De energie-efficiëntiemaatregelen van de EC zijn gericht op energiebesparing in de industrie, de transportsector, de energievoorziening en de bouw en renovatie van gebouwen. Daar kan op grotere schaal winst worden geboekt. Met name in de gebouwde omgeving kan met energie-efficiëntie nog veel bereikt worden. Het gaat dan bijvoorbeeld om het verbeteren van de isolatie, het versnellen van de installatie van warmtepompen, het installeren van digitale thermostaten en de warmtevraag van huishoudens verlagen. En overheden kunnen grootschalige renovatieprogramma’s optuigen. Het zet in ieder geval het overheidsbeleid centraal in het behalen van de EU-klimaatdoelen.

Het verbeteren van de energie-efficiëntie is één van de manieren om de klimaatdoelen te halen. Een andere effectieve manier is om de verbranding van fossiele brandstoffen sneller terug te dringen. Fossiele brandstoffen domineren het energieverbruik in de EU met een aandeel van 67% in de energiemix. Daarmee blijft de uitstoot van BKG relatief hoog. Het hoofddoel van de EU is om deze uitstoot in de komende jaren sterk te verminderen. In 2030 moeten de BKG-emissies in de EU 55% lager liggen dan het niveau in 1990, in 2040 heeft de EC een niveau voor van 90% onder het niveau van 1990 voorgesteld (zie ook onze analyse hier) en het streven voor 2050 is klimaatneutraliteit. Om dit te bereiken hebben zowel de opwekking van hernieuwbare energie als een verdere toename van de energie-efficiëntie een prominente rol. Energie-efficiëntie is hierin een even belangrijk onderdeel van de klimaatdoelen van de EU en de overgang naar een schoon energiesysteem als hernieuwbare energie.

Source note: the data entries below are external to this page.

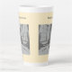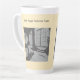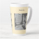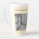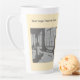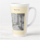 The Latte Mug features a calm, sand-like design in warm beige and natural tones, reminiscent of fine beach or desert sand. A subtle artistic illustration is printed: a young woman sitting cross-legged in a classic yoga pose.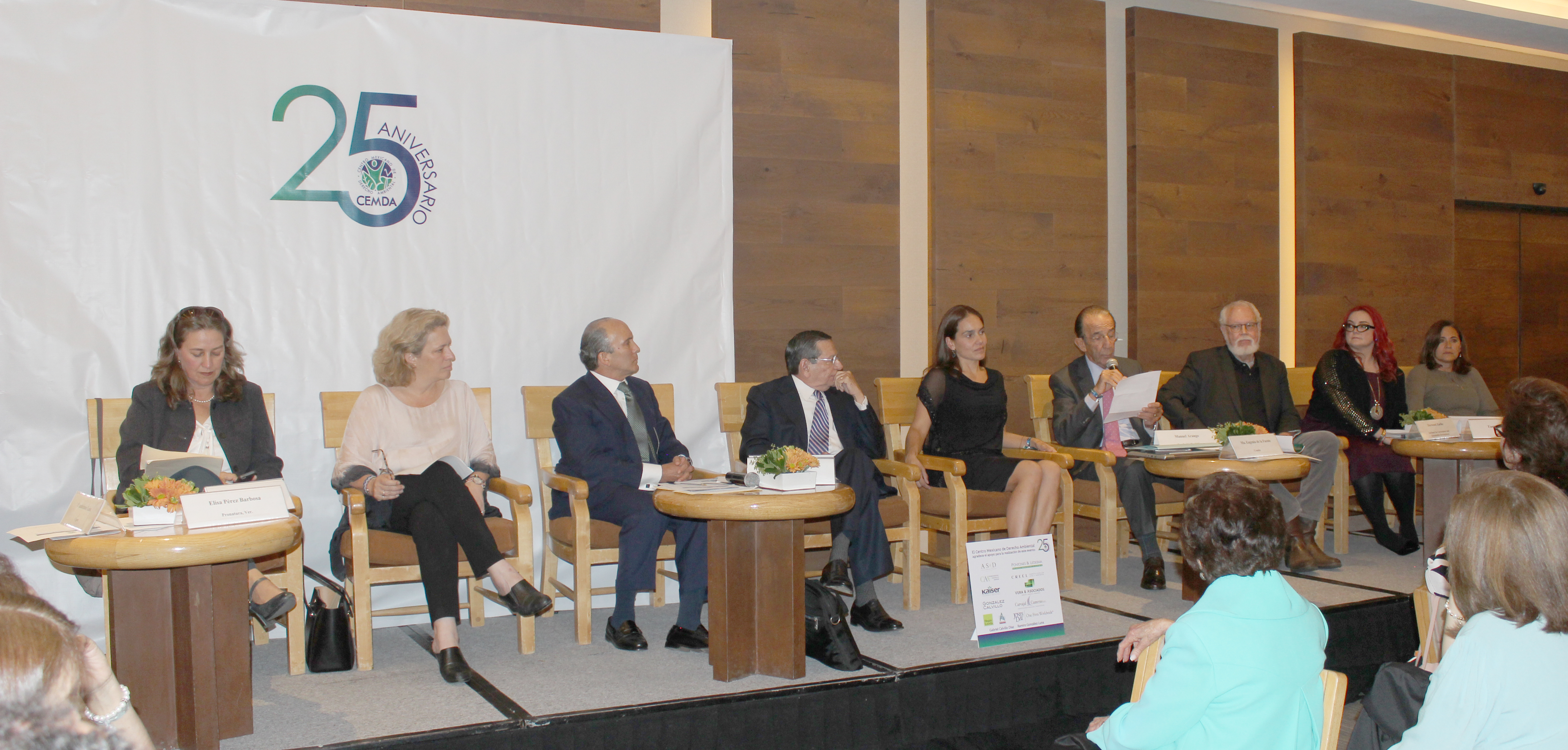 En el presídium estuvieron también María Eugenia de la Fuente, presidenta del Consejo Directivo de CEMDA; Gabriela Anaya, asesora en México de la David and Lucile Packard Foundation; Cuauhtémoc León, director general del  Centro de Especialistas en Gestión Ambiental (Cegam); Tania Mijares, abogada y ex colaboradora de Cemda; Elisa Pérez Barbosa, directora de Pronatura, Veracruz; y Durwood Zaelke, presidente del Institute for Governance and Sustainable Development.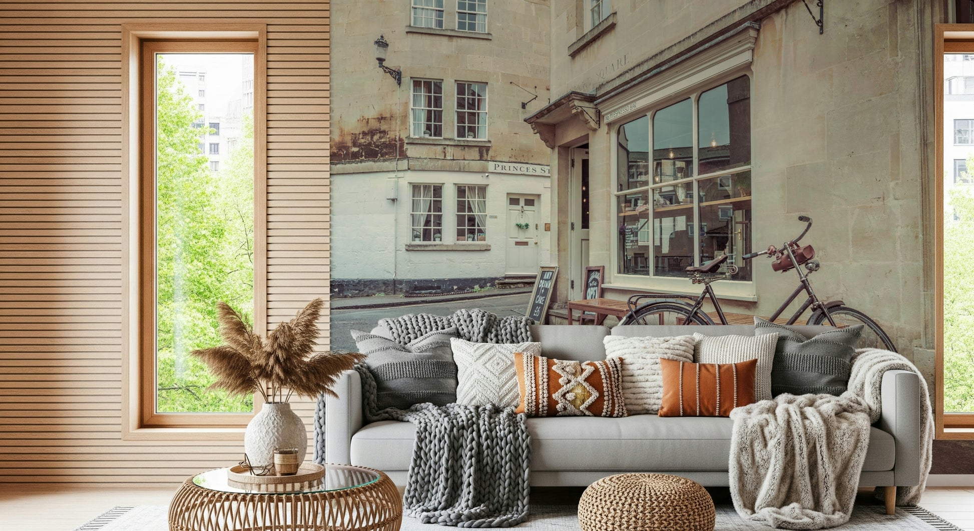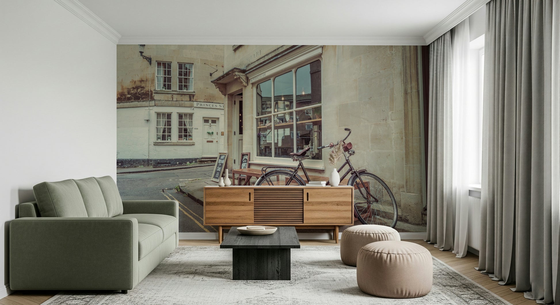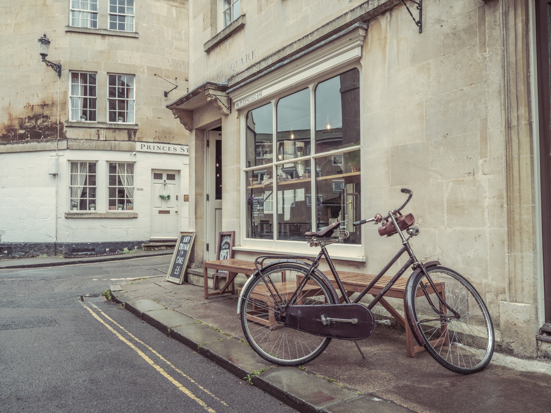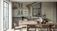 Bicycle parked outside cafe in Bath. Introduce a hint of British charm with this wallpaper for walls. It presents a serene street view from Bath, England. A vintage bicycle leans against a stone building, evoking a peaceful, everyday scene. The neutral tones and architectural details create a calming atmosphere, making it ideal for a study or living area. The design complements interiors with a touch of sophistication, perfect for bringing a bit of European elegance into your home.

Daarnaast zijn zowel energie-efficiëntie als hernieuwbare energie ook onderdeel van de Global Pledge als resultaat van de COP28 (december 2023). Bij die klimaatconferentie is een verdubbeling van de energie-efficiëntieverbetering van ongeveer 2% per jaar tot meer dan 4% per jaar tegen 2030. Eerder constateerde we dat de gemiddelde toename van de energie-efficiëntie in de EU op circa 1,6% per jaar ligt, wat nog onvoldoende is om de COP28 afspraken te halen. Daarnaast is overeengekomen dat er een verdrievoudiging van de mondiale geïnstalleerde capaciteit van hernieuwbare energiebronnen gerealiseerd moet worden. Het sluit deels aan bij de nieuwe richtlijn van de EC (in de Renewables Energy Directive, RED), waarbij het doel is om tegen 2030 circa 42,5% aandeel hernieuwbare energie te hebben. Op basis van de post-Parijs trendgroei in de opwekking van energie uit hernieuwbare bronnen kan echter een aandeel van 30% in de energiemix in 2030 worden gehaald. Om de hernieuwbare transitie kracht bij te zetten, heeft de EC na de COP28 toegezegd om EU 2,3 miljard extra te investeren om ook landen buiten de EU te ondersteunen. Het draagt bij aan het halen van de klimaatdoelen, maar de kans is groot dat er meer investeringen nodig zijn voor de opwekking van hernieuwbare energie en de extra maatregelen om de energie-efficiëntie te stimuleren.